For these reasons, I respectfully dissent.

. As the Supreme Court has made plain, an administrative rule or regulation is arbitrary and capricious when "the agency has relied on factors which Congress has not intended it to consider, entirely failed to consider an important aspect of the problem, offered an explanation for its decision that runs counter to the evidence before the agency, or is so implausible that it could not be ascribed to a difference in view or the product of agency expertise." Motor Vehicle Manufacturers Ass'n v. State Farm Mutual Automobile Insurance Co., 463 U.S. 29, 43, 103 S.Ct. 2856, 77 L.Ed.2d 443 (1983).

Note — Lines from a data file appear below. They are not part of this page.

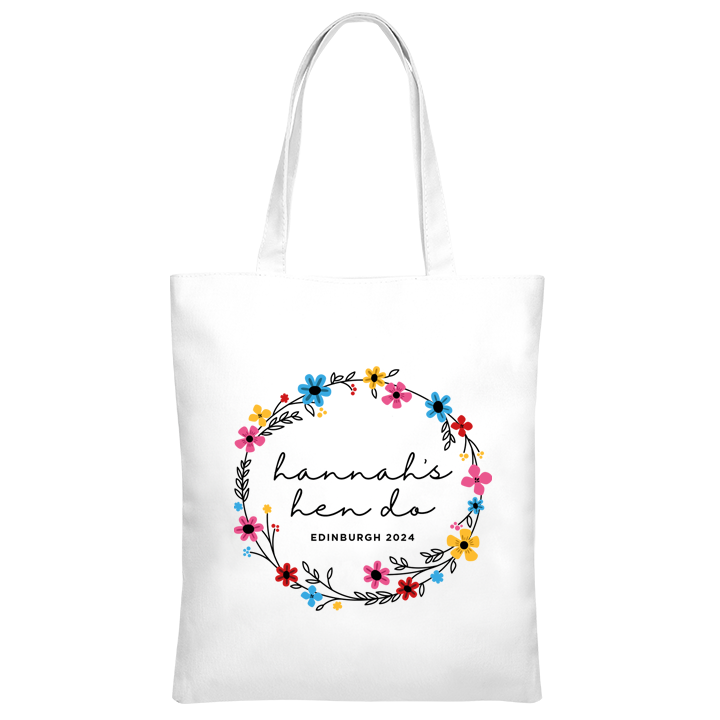 LNOF's hen do tote bag features – front view
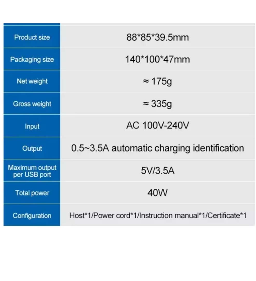 0.3A max; 5V/6A output, 6W power, 6 USB ports, LED indicator, ABS material, size 88×86×37mm; high compatibility, AC to DC conversion.
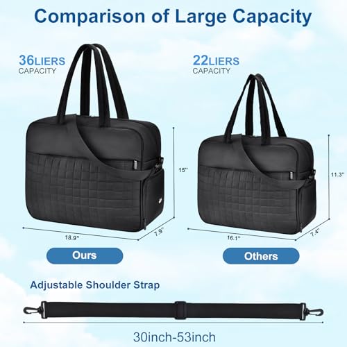More information about Felipe Varela Large Puffy Tote Bag, Gym Bags for Women with Shoe Compartment, Weekender Overnight Lightweight Carry on Puffer Duffle Bag for Travel (Black,36L)
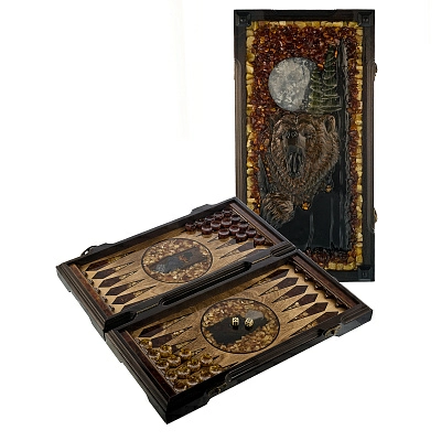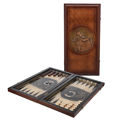 Деревянные нарды дорожные «Медведь» из карельской берёзы
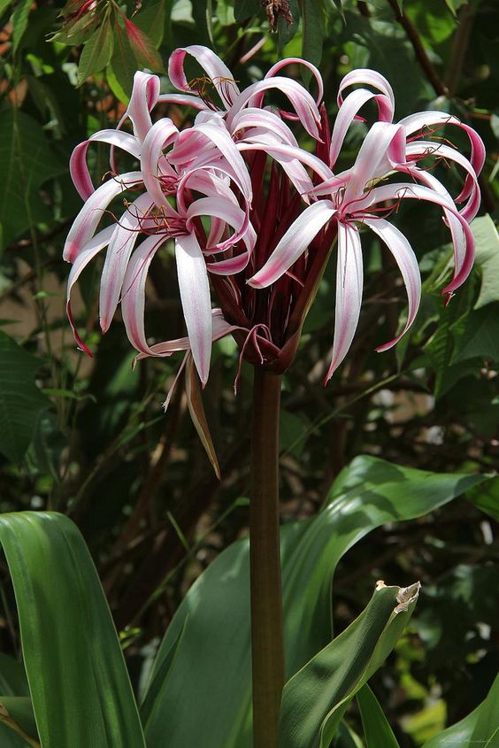 – Đại Tướng Quân Hoa Đỏ nổi bật nhờ những chùm hoa màu trắng hồng mang hương thơm dịu nhẹ trên nền xanh thẳm của lá tạo nên một gam màu đẹp mắt. Hoa có dạng ống, dài 15 cm mang 6 cánh hoa và đài hoa, mọc xòe ra để lộ phần nhụy hoa màu đỏ. Bề mặt trên của hoa có màu trắng hồng với sọc màu hồng mặt dưới.

. Even then, the majority does not treat all such comments equally. The majority cites with favor the agency’s statement that "[t]he amount of [a] debt must be established before it becomes due and payable and thus subject to interest,” 56 Fed.Reg. 31332, 31335 (July 10, 1991), but conveniently ignores the agency’s statement "that [starting interest accrual after exhaustion of all avenues of appeal] is *781inconsistent with congressional intent ... since it would encourage appeals simply to avoid or delay the payment of interest,” 47 Fed.Reg. 54811-01, 54812 (Dec. 6, 1982).

. Although the majority attempts to find refuge in sovereign immunity, the government only argued that sovereign immunity requires that we read the entire regulation narrowly; the government never argued what the majority asserts today; that sovereign immunity entitles the agency to interpret the phrase "final determination” at its pleasure, thus entitling CMS to collect interest on the one hand and deny it on the other. There is certainly no statutory basis for this rank discrimination.